15 Comments

  1. McPherson seems to have pulled those numbers out of a hat (or an unmentionable part of his anatomy). 22321 days is over 61 years, which is way too long for any activity (with the possible exception of “breathing”). If we feel charitable, the comma might be a decimal point, but 22.3 days is way too short (that would be two minutes of commuting per day over a 45 year career). Compare this to 979 days, which works out to 53 minutes of shaving per day over a 72 year lifetime.
    P.S. I have now wasted more time dissecting this comic than McPherson spent in thinking it up.

  2. My immediate thought was, is he counting the time spent standing in _this_ line (that the person being reviewed just got to the head of)? No way to tell, but it’s interesting either way…

  3. I did the same calculations Kilby did and also realized that the numbers made no sense.

    St. Peter is supposed to review the good and bad things you did to see if you’re eligible for Heaven (as I understand it). I think the attempt at humor is that he’s instead reviewing minutia. Or maybe it has to do with that last category. If he does this with everyone, they’re all going to be standing in that line for a lo-o-o-ng time.

    And I’m not going to change any of what I said just because jjmcgaffey beat me to it.

  4. Two people saying the numbers don’t make any sense but neither mentioning the total. 57,616 days, as mentioned here, would mean this person lived to be 157.75 years old, assuming they did nothing else. 30 years just on mowing the lawn seems way out of wack.

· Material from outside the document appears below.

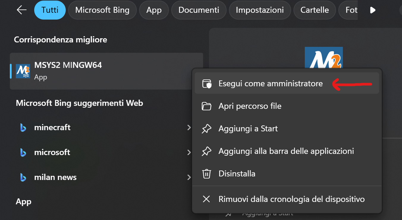After installation, run MSYS2 MINGW64 directly, as an administrator:

    I expect The Moody Blues selected 22,000 days because it scanned well in the song, but it’s closer to a human lifetime than this comic.

  5. And, on the subject of classic rock songs and statistics, “Don’t Fear the Reaper” states that 40,000 people die every day. In 1976, the real number was about 140,000.

  6. No, the numbers are not even near plausible.

    And I can’t see how this accounting fits with the traditional entrance exam procedures. Maybe “voluntarily wasting your time on useless pleasures” would be sinful, but not really “being obliged to waste time in necessary chores”.

  7. My first through was how wrong the ratio of the amount of time on each task ends up being. Spending half the time you work mowing the lawn? Standing in line is equal to 2/3 of your work time? If you work 40 hours/week, that would mean standing in line 26 hours a week and mowing the lawn 20 hours/week on average, which would generally mean even more hours in the summer months.

  8. Why are they still using a CRT monitor in heaven? Shouldn’t they have converted to a flat screen by now?

  9. Well, those of us who work from home might hit the “two minutes a day” mark. But yeah.
    (Semi-related: company sent email saying that mileage would only be reimbursed for travel further than our normal commute. Friend suggested I start charging mileage for when I walk to my mailbox to pick up my pay stub.)

  10. You don’t even have to do the math to show this makes no sense. Over ten times longer mowing the lawn than shaving? The guy must have had a giant shaggy lawn and a tiny un-shaggy beard.

  11. Numbers shmumbers. I choose to believe my full beard and lawn-free house are adding decades to my useful life.